1. Filing for probate – 10-day deadline
The very first probate deadline you need to be mindful of in the Florida probate timeline is the 10-day deadline.
This specifies that the individual in possession of the deceased’s last will and testament must file for probate within 10 days from the date of death of the deceased in the same county where the deceased died.
The size of the estate to be probated does not affect these ten days.
2. Granting Letters of Administration
For a representative of the estate to fulfill his duties against the deceased, the probate court will formally recognize them as the executor of the estate.
This is done by issuing the letters of Administration. It will take the probate court between one to four weeks to send administrative letters to the estate’s executor.
3. Notifying the Creditors
Once the probate process has begun, the next stage in the Florida probate timeline is for the estate executor to publish a notice to creditors. While there is no clear timeframe for this, the law specifies to do it promptly.
Notices are usually published for 2 weeks.
To avoid delays in the timeline, creditors have 90 days from the date of notice to file their claims.
4. Proving death
Estates executor must provide evidence of the estate holder ‘s death to creditors within 3 months of the issuance of the notice if the probate process is carried out by formal administration or ancillary proceedings.
5. Verified Statement
After notice to creditors, a verified statement is to be submitted before the court within 4 months which states that all creditors who may have a claim against the Estate have been diligently checked for them.
6. The validity of the Will
The probate court has to determine the validity of the will if the deceased left it.
The time it takes to assess the validity of a Will can differ in every situation.
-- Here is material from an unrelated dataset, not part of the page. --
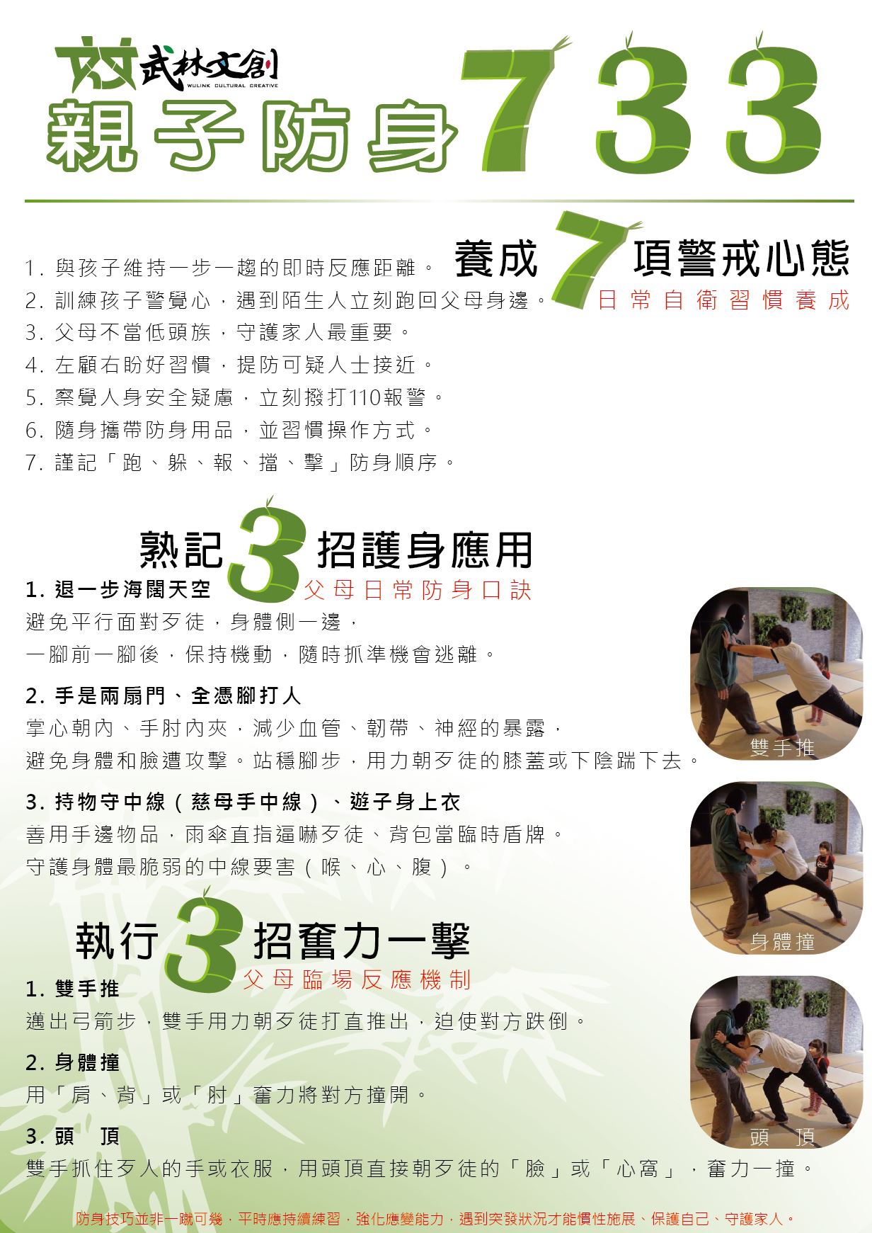 武學人文會館館長任培豪長年推廣「733日常親子防身」,包括建議家長養成7項警戒心態、熟記3招護身應用,緊急關頭執行3招奮力一擊。任培豪宣導「父母應與幼子一起學習防禦」,需於平時加強培養與孩子之間的防身默契。

After the estate’s executor has taken the estate into account, they have to file their findings with the court.
All interested parties may dispute this Accounting Notice. Such interested parties then have 30 days to challenge the given accounting.
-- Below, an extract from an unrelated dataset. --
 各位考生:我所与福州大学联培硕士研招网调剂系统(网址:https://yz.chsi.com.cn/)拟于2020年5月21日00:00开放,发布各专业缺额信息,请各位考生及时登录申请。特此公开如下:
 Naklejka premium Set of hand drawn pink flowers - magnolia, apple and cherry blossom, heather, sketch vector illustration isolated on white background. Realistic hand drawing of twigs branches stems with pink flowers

If the estate’s accounting is contested, the probate process can take a much longer period to come to an end.
When the estate’s assets have been used to settle creditor claims and unpaid taxes, the estate’s executor then helps with the distribution of the estate’s assets.
Once this distribution has occurred the executor must then provide distribution receipts to the court.
This filing must be completed within one year of the letters of administration being issued.
9. Closing the Estate
After all of this is completed, the last step is for the estate executor to apply for the estate’s closure.
This signifies the closure of the probate process once it has been granted.